Two schools report SAT scores: School A has mean=1050, SD=200 and School B has mean=1120, SD=150. Assuming normality: (a) What percentage of School A students score above 1200? (b) What percentage of School B students score above 1200? (c) At what score does School B's proportion exceed School A's? (d) If you randomly select one student from each school, what's the probability the School A student scores higher? (This requires knowledge that the difference of two normals is also normal.)

Part D: Extension Problems (Challenge)

Exercise 21.25 — The multivariate normal

Extend your understanding to two dimensions. Generate 1000 points from a bivariate normal distribution with correlation 0.7. Plot the scatter plot. Add contour lines showing the density. Explain how the correlation affects the shape of the cloud.

Guidance

mean = [0, 0]
cov = [[1, 0.7], [0.7, 1]]
data = np.random.multivariate_normal(mean, cov, 1000)
plt.scatter(data[:, 0], data[:, 1], alpha=0.3)

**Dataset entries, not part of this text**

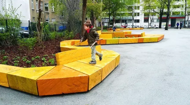 柏林KALA游樂場和綠色空間景觀設(shè)計項目位于一個公共城市廣場,旨在通過增強(qiáng)公民意識和自由意識促進(jìn)兒童活動。該項目的關(guān)鍵詞是:形式和空間簡單化。項目空間分為兩個不同的區(qū)域,分別適用于老人和孩子。Meeresinsel(海島),一個帶有自然游樂區(qū)域的游樂場,可激發(fā)孩子們的創(chuàng)造性;Erdeninsel(地島),一個城市裝置設(shè)計,五彩、有趣且智能。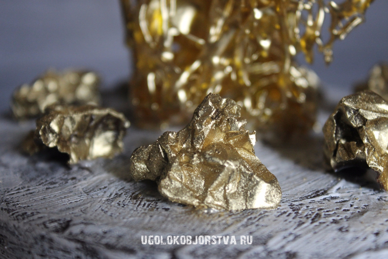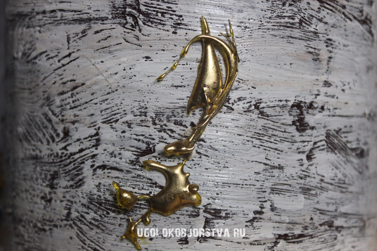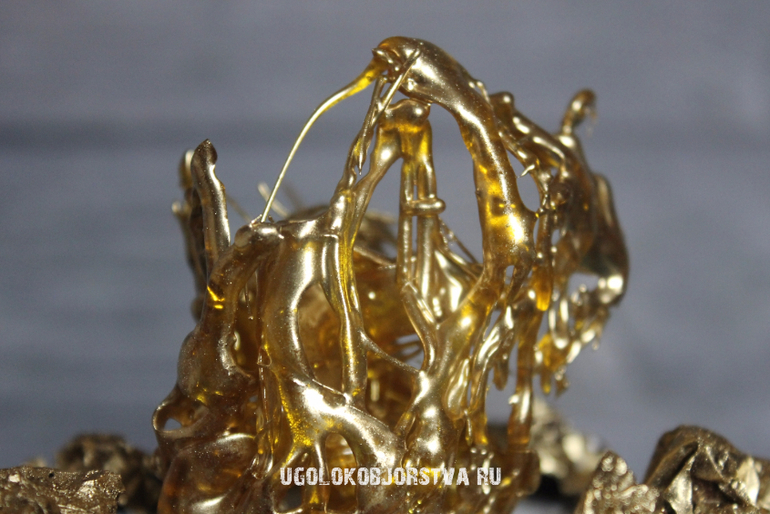 Когда расплавила - добавила немного желтой краски, а потом на застывший сдувала золото с кисточки))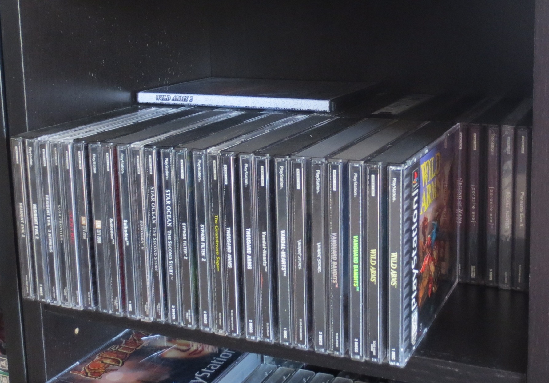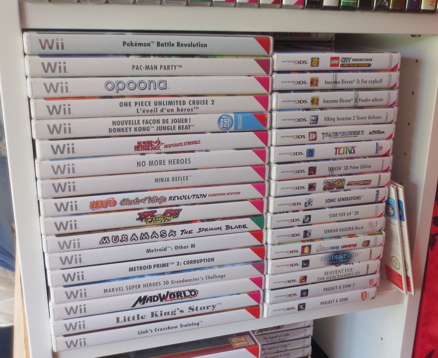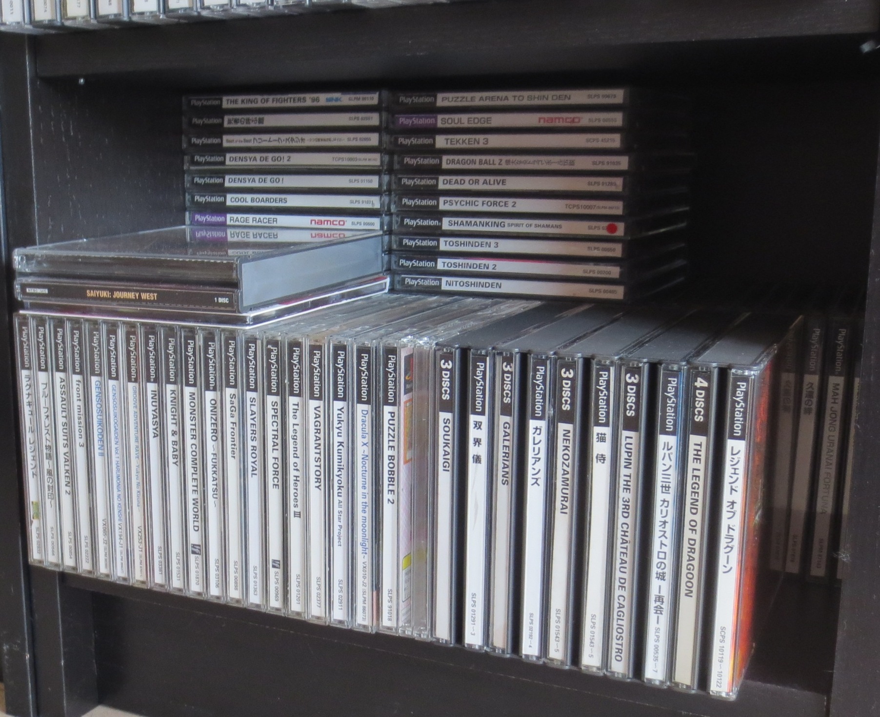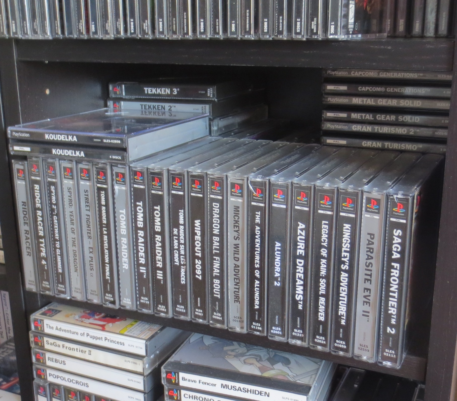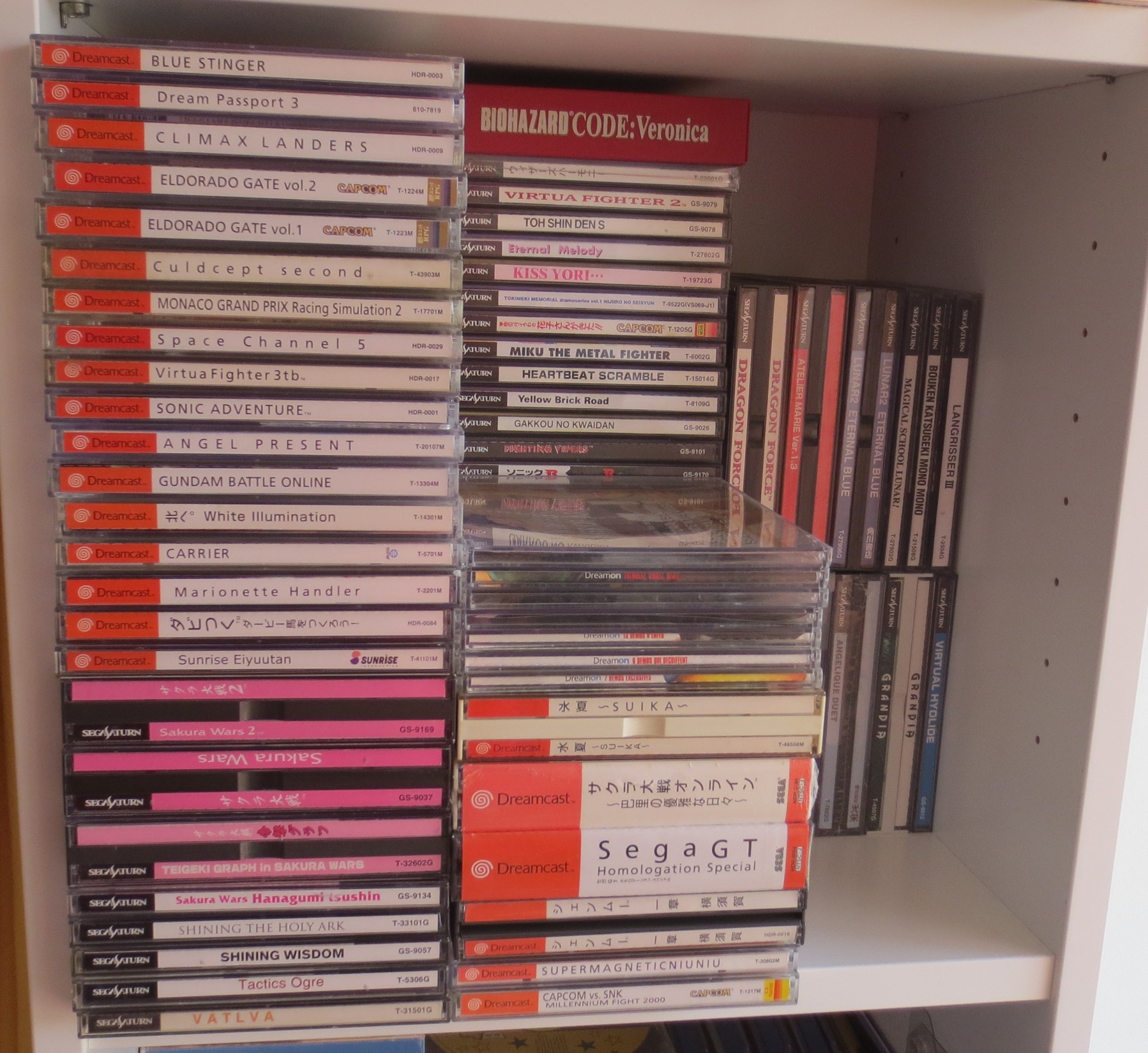 mais pas forcément les jeux les plus intéressants devant). Les jeux en loose sont également absents, et ça représente tout de même une grosse partie de la collection. Donc pas de jeux Nes, Snes, Famicom, MD ou N64 sur les photos. La flemme d'ouvrir les cartons... Un jour, je sortirai peut-être tous les jeux de leurs boîtes pour le fun... Mais quand je pense au temps que ça me prendrait, généralement, ça me démotive !

Exercise 21.26 — Bootstrap distribution

The bootstrap is a simulation technique for estimating the distribution of a statistic. Given a sample, you resample WITH replacement many times and compute the statistic each time. (a) Take a sample of 50 values from an exponential distribution (b) Resample with replacement 5000 times, computing the mean each time (c) Plot the bootstrap distribution of means (d) Compare it to the CLT prediction (e) Compute a 95% "bootstrap confidence interval" using the 2.5th and 97.5th percentiles

Exercise 21.27 — Power of normality tests

How good are normality tests at detecting non-normality? Generate samples from a slightly right-skewed distribution (e.g., chi-squared with 10 df). For sample sizes of 20, 50, 100, 500, and 2000, run the Shapiro-Wilk test 1000 times and record the proportion of times it rejects normality (at alpha=0.05). Plot the "detection rate" vs. sample size. What do you conclude about the power of normality tests?

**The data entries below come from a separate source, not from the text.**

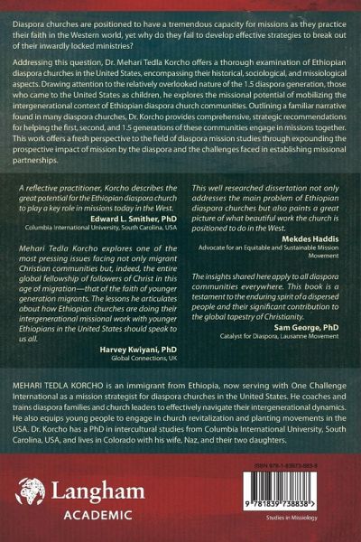 Diaspora churches are positioned to have a tremendous capacity for missions as they practice their faith in the Western world, yet why do they fail to develop effective strategies to break out of their inwardly locked ministries? Addressing this question, Dr. Mehari Tedla Korcho offers a thorough examination of Ethiopian diaspora churches in the United States, encompassing their historical, sociological, and missiological aspects. Drawing attention to the relatively overlooked nature of the 1.5 diaspora generation, those who came to the United States as children, he explores the missional potential of mobilizing the intergenerational context of Ethiopian diaspora church communities. Outlining a familiar narrative found in many diaspora churches, Dr. Korcho provides comprehensive, strategic recommendations for helping the first, second, and 1.5 generations of these communities engage in missions together. This work offers a fresh perspective to the field of diaspora mission studies through expounding the prospective impact of mission by the diaspora and the challenges faced in establishing missional partnerships.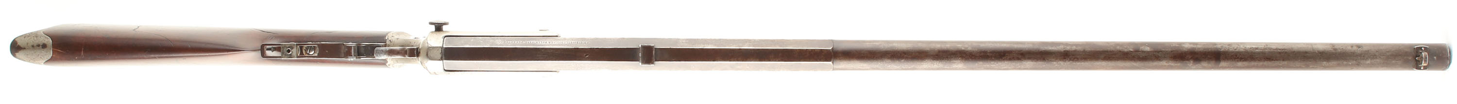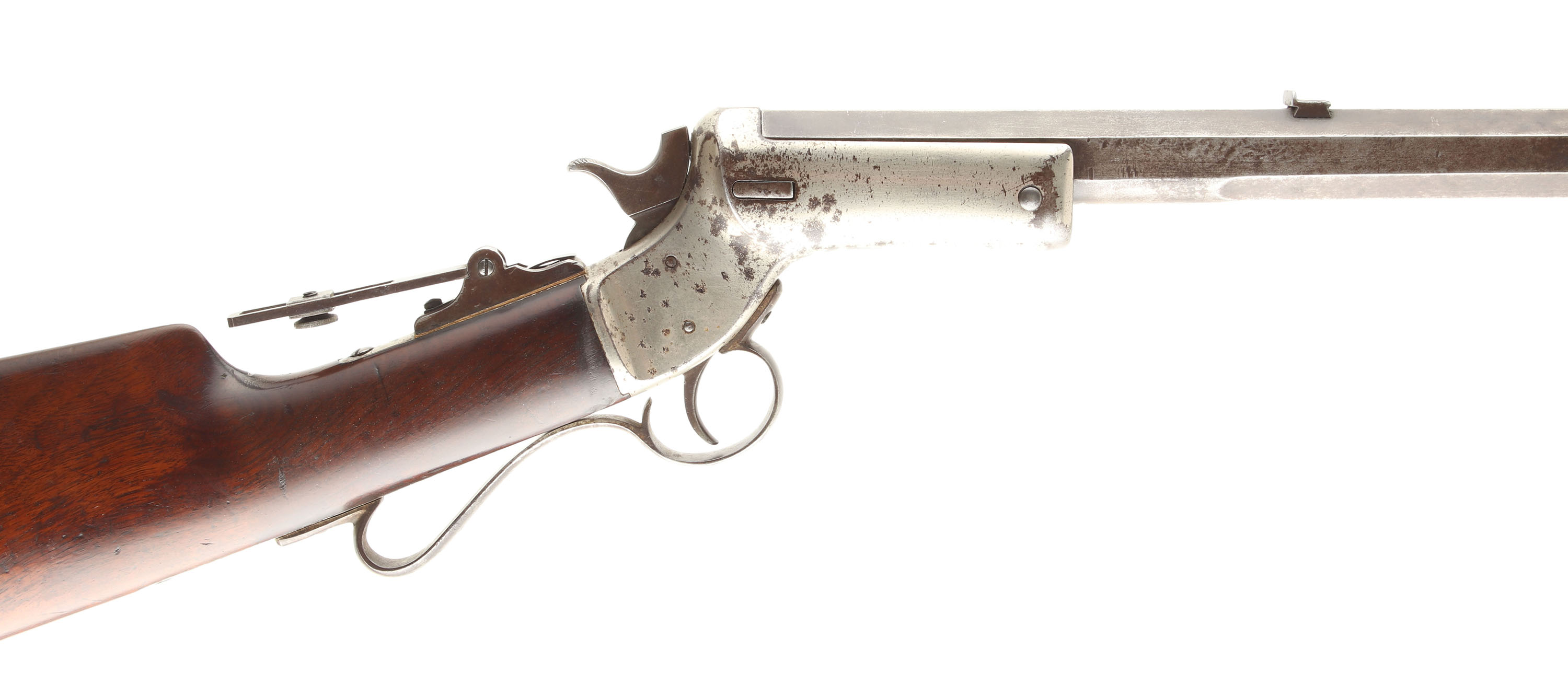 J. Stevens & Co., Model No. 4 Gallery Tip-Up Rifle, Cal: 22 RF, MFG: 1870's-88, SN: 214488, Single shot, tip open, 30'' Octagon to round barrel, The original straight grip wood stock is excellent, but with numerous minor to small scratches, scrapes & dings to the original finish. This model produced without a forend. Left side of barrel is marked ''J. STEVENS & CO. CHICOPEE FALLS.MASS. PAT.SEPT.6.1864''. The metal blue finish on the barrel has worn away & toned to a mix of gun metal gray & a thin brown patina. The nickel finish on the receiver is showing wear, with areas of loss developing a spotty brown patina. Scalloped trigger guard. The receiver is fitted with a large sliding disk flip-up Vernier tang sight, while the barrel carries a fixed rear & folding globe front sight. Bore is good, with areas of pitting & roughness amongst thinning rifling. Stock carries a crescent metal buttplate, retaining some original nickel. A very nice representative example of the early Stevens Gallery tip-up rifle, with factory special order sights. Antique, No FFL Req - Value: 600 to 1000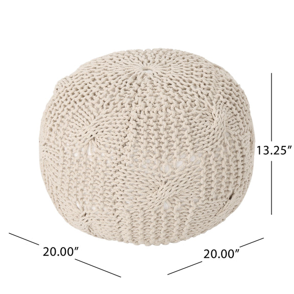 Bordeaux - Knitted Cotton Round Pouf Ottoman Floor Cushion - Beige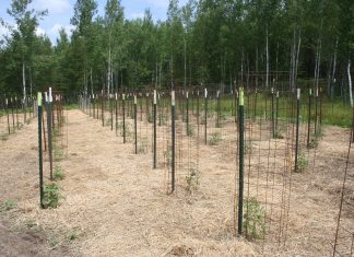 We had a few very nice days (except for the mosquitoes and sand flies!) so Will and I were very busy planting. He set up five stock panel trellises and I followed by planting...

Exercise 21.28 — Build a distribution explorer

Create an interactive (or at least parameterized) function that lets you explore different distributions. The function should accept a distribution name and parameters, and produce: a PDF plot, a CDF plot, random samples histogram, the mean, standard deviation, skewness, and kurtosis. Support at least: normal, uniform, exponential, binomial, and Poisson.

Exercise 21.29 — The German Tank Problem

In World War II, statisticians estimated the total number of German tanks by looking at the serial numbers on captured tanks. If you capture tanks with serial numbers 32, 85, 17, 93, and 41, how would you estimate the total number of tanks produced? The frequentist estimate is max(serial numbers) + max/n - 1. Simulate this problem: generate serial numbers from 1 to N (unknown), randomly "capture" some, and compare the estimate to the true N. How does the accuracy depend on sample size?

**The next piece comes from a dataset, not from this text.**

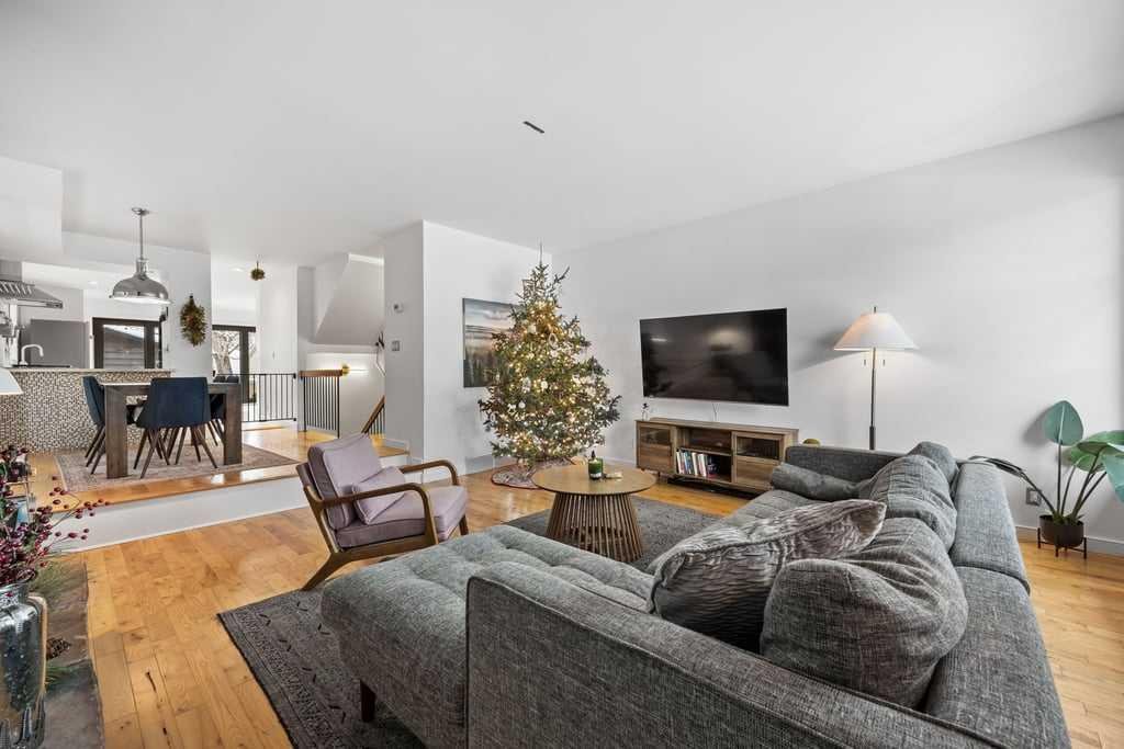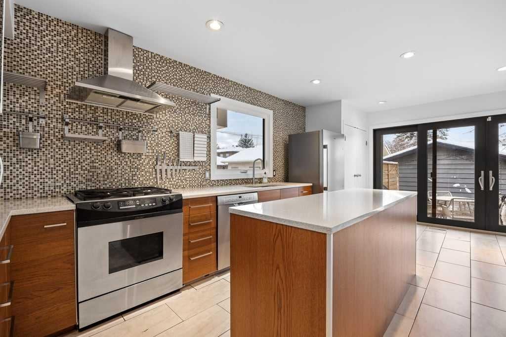 Natural light fills the main floor thanks to large windows and a layout that flows easily into the dining area and refreshed kitchen. Here, sleek contemporary wood cabinetry, quartz countertops, and a trendy tiled backsplash elevate the entire space with a clean, modern look. At the back of the home, magnificent rear glass doors open to a tiered deck—seamlessly connecting indoor and outdoor living.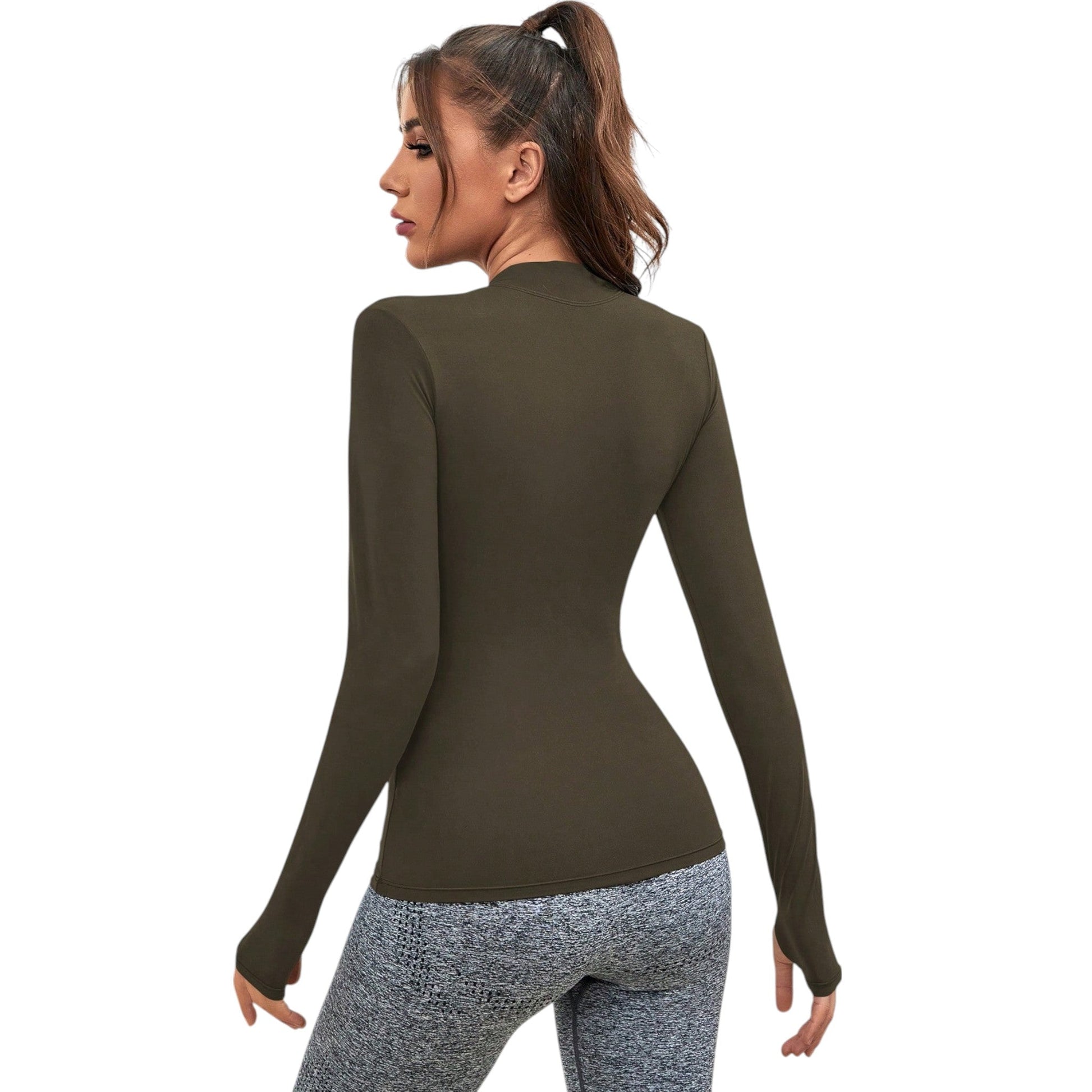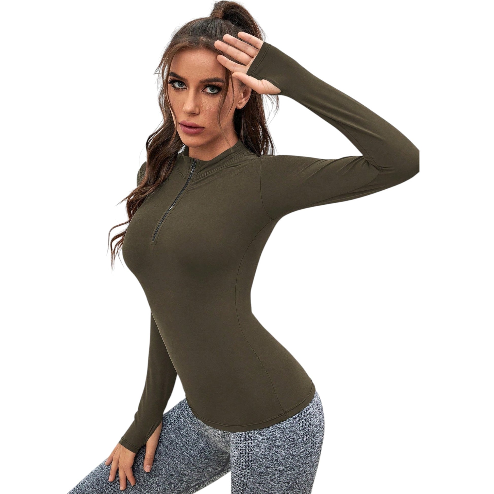 Címke nélküli, olívazöld színű, hosszú ujjú felső. Álló galléros, rövid cipzárral záródik. Hüvelykujj bújtatóval ellátott.

Exercise 21.30 — Your own distribution analysis

Find a real-world dataset (or use one from your progressive project) and perform a complete distribution analysis: (a) Identify the variable and describe what it measures (b) Plot the distribution (histogram + KDE) (c) Check normality (Q-Q plot + Shapiro-Wilk) (d) If not normal, identify the distribution family that best fits (try several using scipy.stats.fit()) (e) Use the fitted distribution to compute a meaningful probability (f) Write up your analysis in 300-500 words

Reflection

After completing these exercises, you should be comfortable with:

[ ] Distinguishing discrete and continuous distributions
[ ] Using scipy.stats to compute PDF, CDF, inverse CDF, and random samples
[ ] Applying the empirical rule (68-95-99.7) for normal distributions
[ ] Using z-scores to compare values across different scales
[ ] Explaining the Central Limit Theorem and demonstrating it through simulation
[ ] Checking normality with Q-Q plots and the Shapiro-Wilk test
[ ] Knowing when the normal distribution is and isn't appropriate

If all of these feel solid, you have a strong foundation for the inferential statistics of Chapters 22-23. The concepts of sampling distributions, standard error, and the CLT are the engine that powers confidence intervals and hypothesis tests.